To verify the performance of the F-M algorithm proposed in the study, the commonly used Sphere function, Roserock function, and Rastigin function were selected for testing. The experimental platform was Matlab software, and the experimental parameters were set as follows. The functional dimension was 5; the MAXITER was 1000; the population size was set to 10, 20, and 40, respectively. Convergence occurred when the objective function was less than 0.0000001.
It ran the H–M, PSO, and OPSO independently 50 times on three test functions to obtain test results for different algorithms, as shown in Table 1. From Table 1, in the Sphere function, when the number of particles was small, the OPSO algorithm could always reach the convergence condition. Moreover, both the PSO algorithm and the OPSO algorithm slightly improved tracking accuracy after the population number reached 40. When optimizing Roserock, the PSO algorithm has been unable to converge. The OPSO algorithm had a probability of finding the theoretical minimum of about 80%. In the Rastigin function, the OPSO algorithm had better multimodal optimization ability and higher convergence probability than the PSO algorithm. Comparing the H–M algorithm with the OPSO algorithm, for the Sphere function, the H–M algorithm could always find the minimum value in the two types of population sizes, and the optimization ability was greatly improved. For the Roserock function and the Rastigin function, the H–M algorithm could always converge to the theoretical minimum with a probability of more than 94%. With a particle count of 20, it achieved the effect of the OPSO algorithm with a particle count of 40. In the three functions, the convergence rate of the H–M algorithm significantly improved. It increased by nearly 60% under two types of population, and the average convergence iteration number also decreased by more than 180 times. Based on the above analysis, it can be concluded that the performance of the H–M algorithm is more stable.
To further verify the multimodal optimization ability of the H–M algorithm, 50 experiments were conducted on the Rastigin function when the population size was ten. The best-performing one was selected to obtain the corresponding fitness change curve results of the two algorithms, as shown in Figure 7. From Figure 7, the H–M algorithm could achieve the theoretical optimal value by only iterating 632 times. The OPSO algorithm still could not converge after 992 iterations. Based on the above results, the H–M algorithm has the highest stability, optimization accuracy, and convergence speed. It can effectively solve complex multimodal problems and avoid the occurrence of local optimization.

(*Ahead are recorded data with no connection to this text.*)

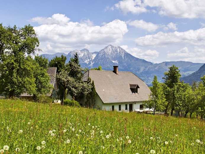 Eine kurze, leichte Wanderung führt einen von Vorderstoder im Toten Gebirge auf die Anhöhe am Tamberg zum Bauernhof Hunger.
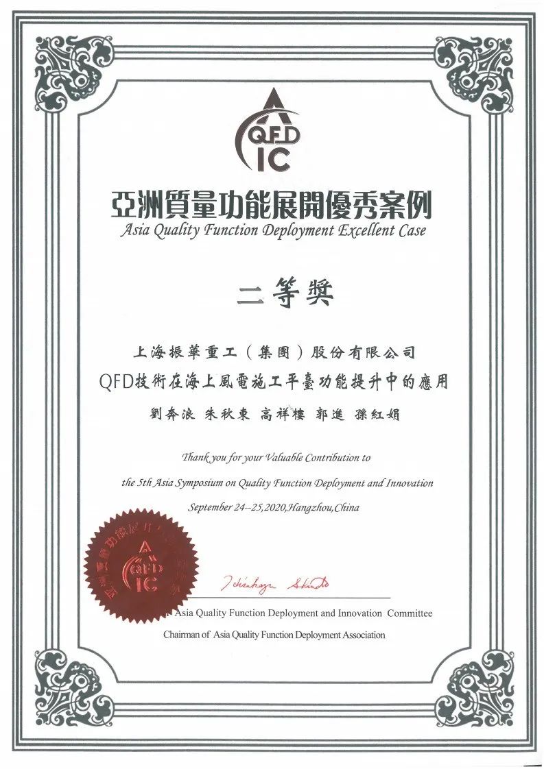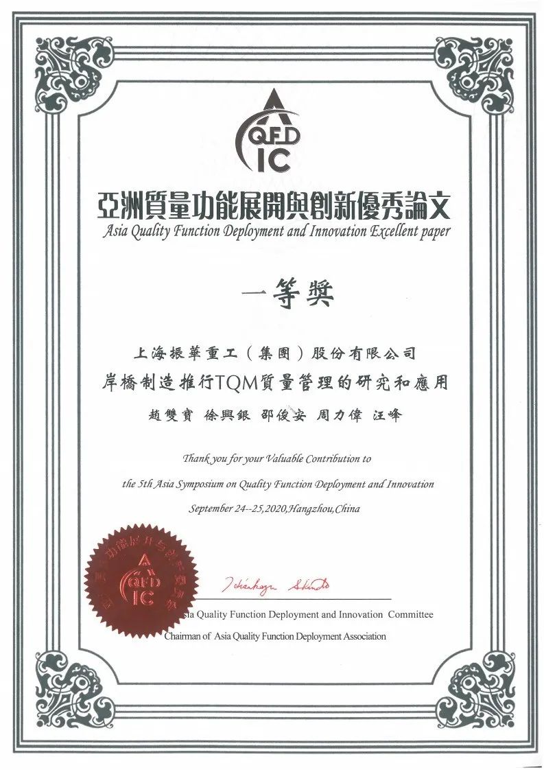 转载 2020-10-14 09:50 上海振华 来源:上海振华近日,振华重工受邀参加第五届亚洲质量功能展开与创新研讨会。会上,长兴分公司申报的“岸桥制造推行TQM质量管理创新模式的研究和应用”获得优秀论文一等奖;南通振华重装申报的“QFD技术在海上风电施工平台功能提升中的应用”获得优秀案例二等奖。
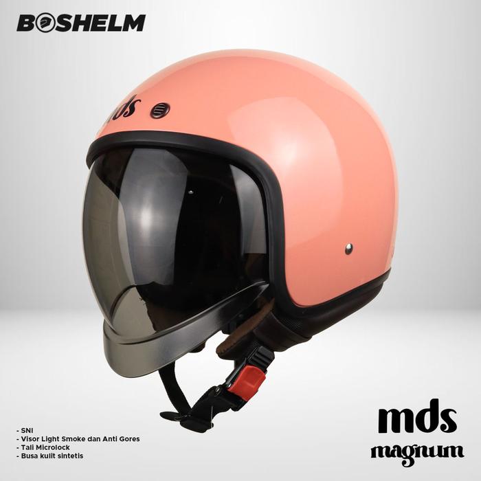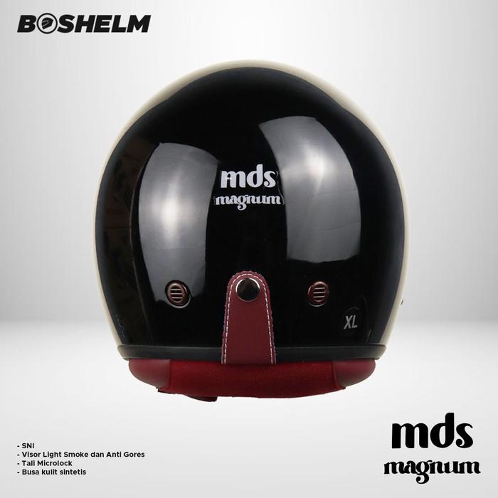 Helm Retro MDS MAGNUM SOLID Helm Half Face SNI - CREAM GLOSSY, M
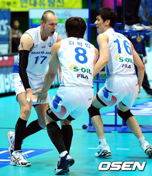 11일 오후 인천 도원체육관에서 열린 '2011-2012 NH농협 V리그' 남자부 챔피언결정전 3차전 대한항공과 삼성화재의 경기 2세트 대한항공 마틴이 득점을 하고 김학민, 진상헌과 기뻐 하고 있다.
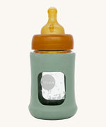 Safe, practical and 100% plastic-free feeding bottles for newborns and babies with an easy on and off natural rubber sleeve for extra protection from drops and heat.
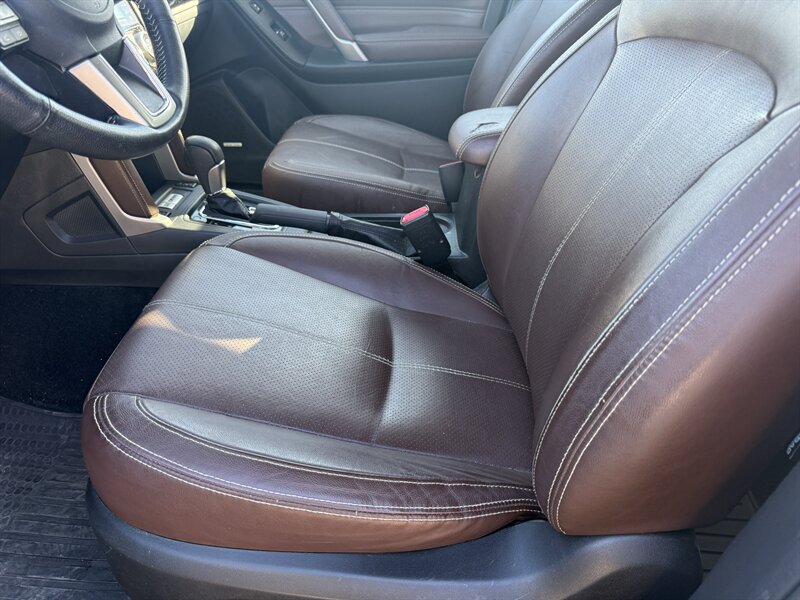 Step inside the 2017 Forester, and you will find a well-designed interior that prioritizes comfort and functionality. The cabin is spacious, with ample headroom and legroom for both front and rear passengers. The Touring trim comes standard with premium leather upholstery, elevating the interior's overall aesthetic. The front seats are heated, ensuring a comfortable experience during cold weather, while the rear seats can be folded down to expand the cargo space for larger items.
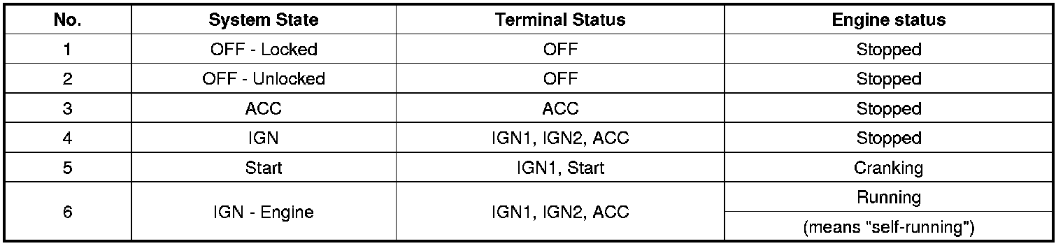 Referring to the terminals, the system states described in the table above are same as those one found in a system based on a mechanical ignition switch. The one of distinction with Mechanical-Ignition-Switch based system is that the BES system allows specific transition from [OFF] to [START] without going through [ACC] and [IGN] states.
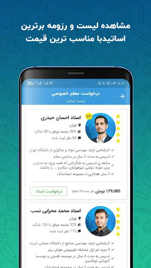 Visibility of the list of top Iranian private professors in elementary, secondary, entrance, university and foreign languages
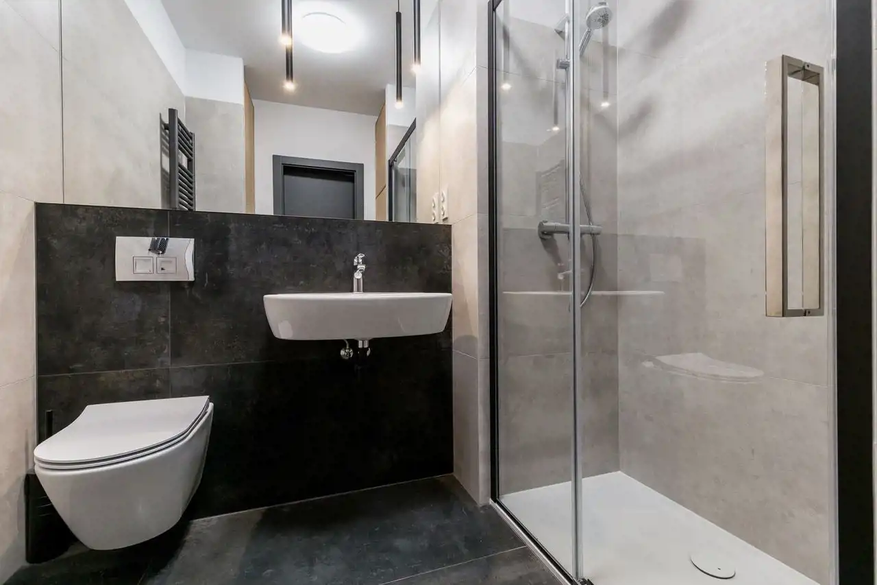 Łazienka: prysznic, pralka, lustro, umywalka.

4.2. Application Analysis of the H–M Algorithm in the PPG System

To verify the ability of the H–M algorithm to track the maximum power point in a PPG system, a system was established using the Simulink module of Matlab software. The required photovoltaic array MPPT system included photovoltaic arrays, conversion circuits, MPPT modules, PWM generators, and load resistors. Three sets of comparative experiments were conducted in the constructed system simulation model, namely no shadow occlusion, shadow occlusion, and shadow mutation.

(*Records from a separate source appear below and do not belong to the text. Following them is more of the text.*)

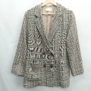 【中古】UNE MOTOMACHI KOBE Tessuti Di Sondrio生地 ツイード ジャケット テーラード ブレザー くるみボタン AB6 ブラウン系 【ベクトル 古着】 250818
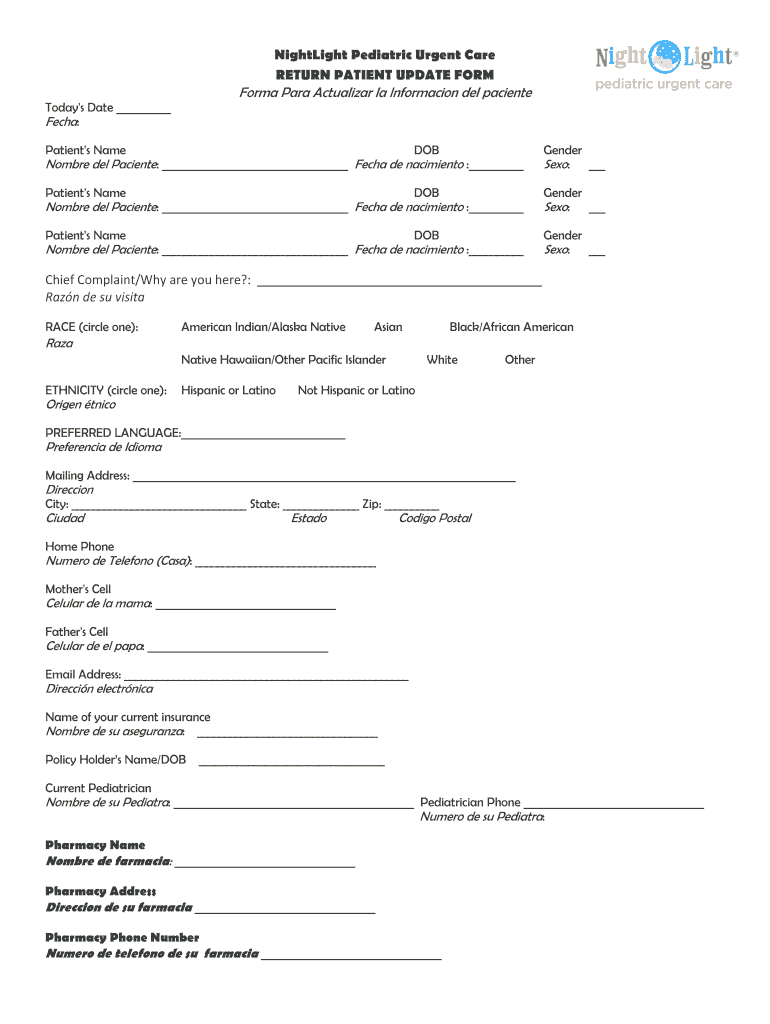 Nightlight Pediatric Urgent Care. RETURN PATIENT UPDATE FORM. Form Para Actualized la Information Del patients. Today#039’s Date Tech: Patients#039’s Name DOB ...
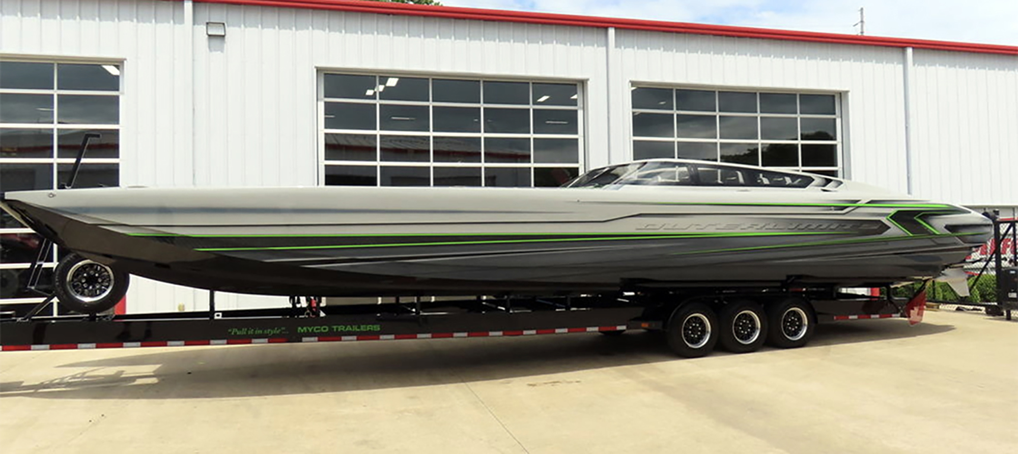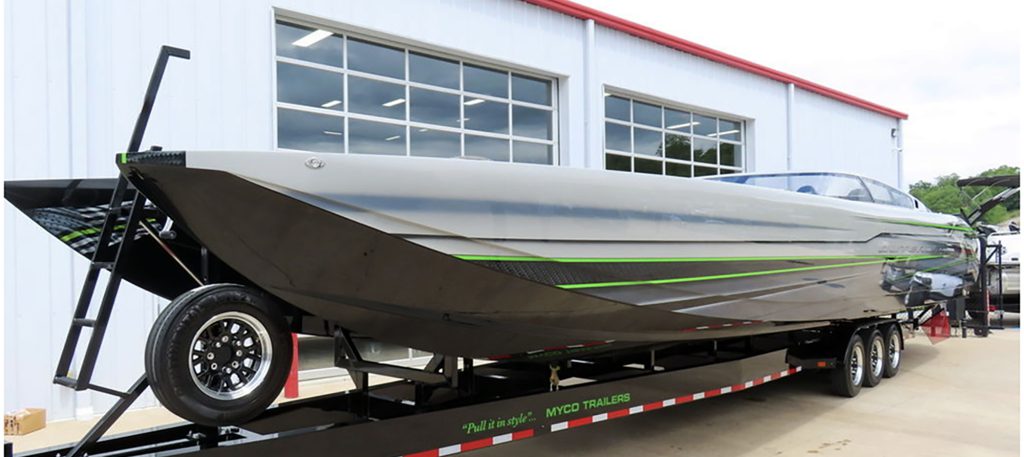 Price is $1,495,950. A triple-axle aluminum MYCO trailer, a cockpit cover and a travel cover are included.

Figure 8 shows the output power results of MPPT control using different algorithms without shadow occlusion. The ideal output power of the photovoltaic array was 913.2 W. Figure 8 shows that the error between the four algorithms and the ideal output power was less than 0.05%. The output power curve of the DO algorithm was the smoothest, but it started to stabilize at 0.405 s, and it took a long time to reach a stable state. The time taken for the four algorithms to reach a stable state from longest to shortest was DO, PSO, OPSO, and H–M. The H–M algorithm only needed 0.059 s to reach a stable state. In summary, in the absence of shadow occlusion, the tracking accuracy of the four algorithms was basically the same, but the tracking efficiency of the H–M algorithm was improved by an average of 80% compared to the other three algorithms.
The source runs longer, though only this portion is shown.